Researchers like Sherman say that one of their problems is the scarcity of financial support. The largest source of research funding is an obscure government agency called the National Institute of Justice, which was modeled on the National Institutes of Health when it was established, in 1968, but has a budget of less than one per cent of the N.I.H.’s. (The government spends more on meat and poultry research.) The harder problem, though, is the clash of cultures between the legal and the scientific approach, which is compounded by ignorance and suspicion. In medicine, there are hundreds of academic teaching hospitals, where innovation and testing are a routine part of what doctors do. There is not such thing as an academic police department or a teaching courthouse. The legal system takes its methods for granted: it is common sense that lineups are to be trusted, that wife-beaters are to be counseled, and that jurors are not to ask witnesses questions. Law enforcement, finally, is in thrall to a culture of precedent and convention, not of experiment and change. And science remains deeply mistrusted.
“The legal system doesn’t understand science,” Gary Wells told me. “I taught in law school for a year. Believe me, there’s no science in there at all.” When he speaks to people in the justice system about his work, he finds that most of his time is spend educating them about basic scientific methods. “To them, it seems like magic hand-waving and – boom – here’s the result. So then all they want to know is whose side you’re on – the prosecutor’s or the defendant’s.” In an adversarial system, where even facts come in two versions, it’s easy to view science as just another form of spin.
For a scientist, Gary Wells is a man of remarkable faith; he has spent more than twenty-five years doing research at the periphery of his own field for an audience that has barely been listening. When I point this out to him, it makes him chuckle. “It’s true,” he admits, and yet it does not seem to trouble him. “This may be my American optimism talking, but don’t you think, in the long run, the better idea will prevail?”
Lately, he has become fascinated with the alibi. “You know,” he told me in a recent conversation, “one of the strange things that pop up in DNA-exoneration cases is that innocent people often seem to be done in by weak or inconsistent alibis.” And it has got him thinking. Alibis seem so straightforward.
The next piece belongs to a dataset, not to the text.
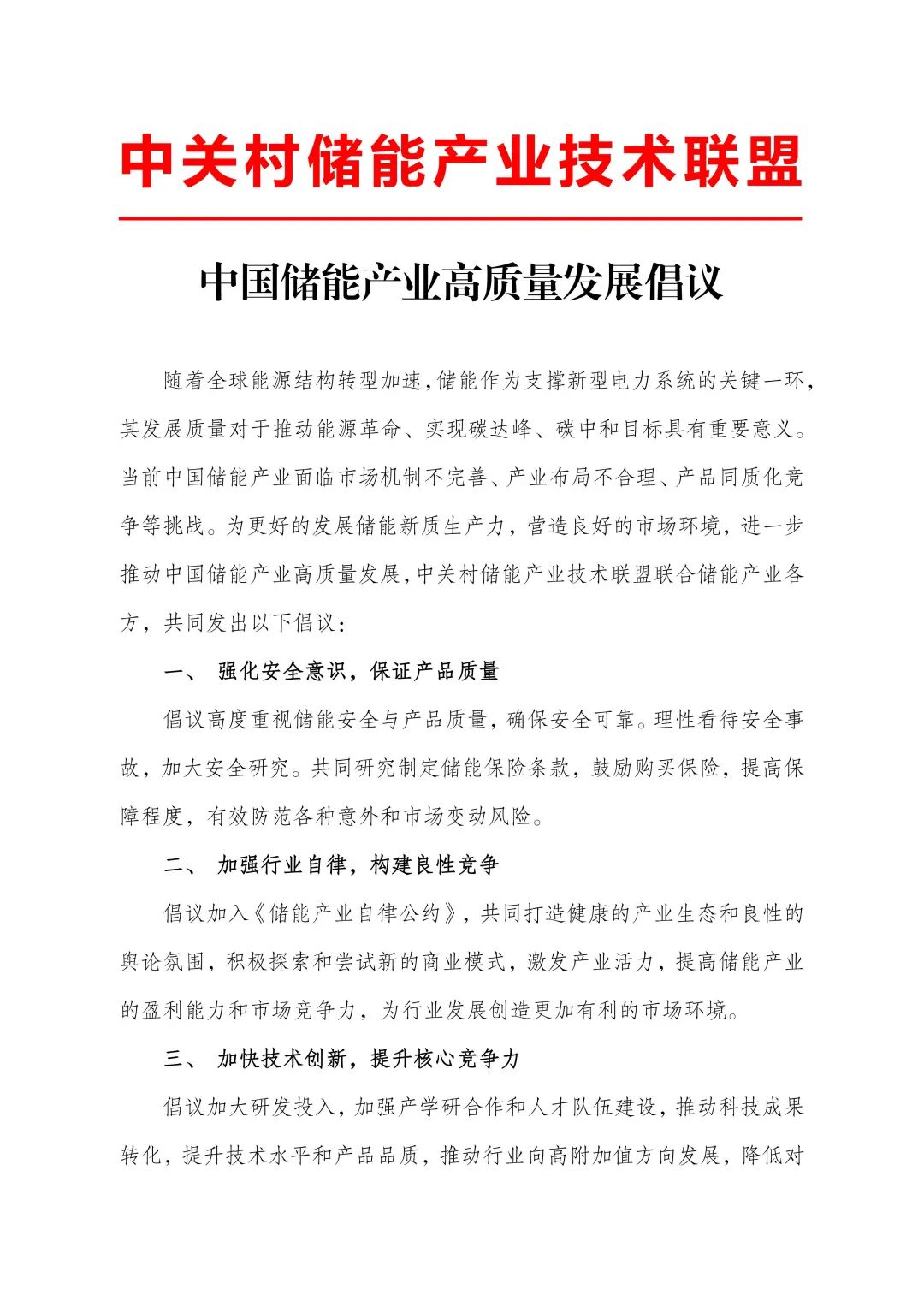 中國儲能產(chǎn)業(yè)高質(zhì)量發(fā)展倡議

The detective asks the suspect, “Where were you last Friday around 11 P.M.?” And if the suspect can’t account for his whereabouts – or, worse, gives one story now and another later – we take that as evidence against him. But should we? Wells wonders. How well do people remember where they were? How often do they misremember and change their minds? What times of the day is a person likely to have a provable alibi and what times not? How much does this vary among people who are married, who live alone, who are unemployed? Are there better ways to establish whether a suspect has a legitimate alibi? “No one knows these things,” he says.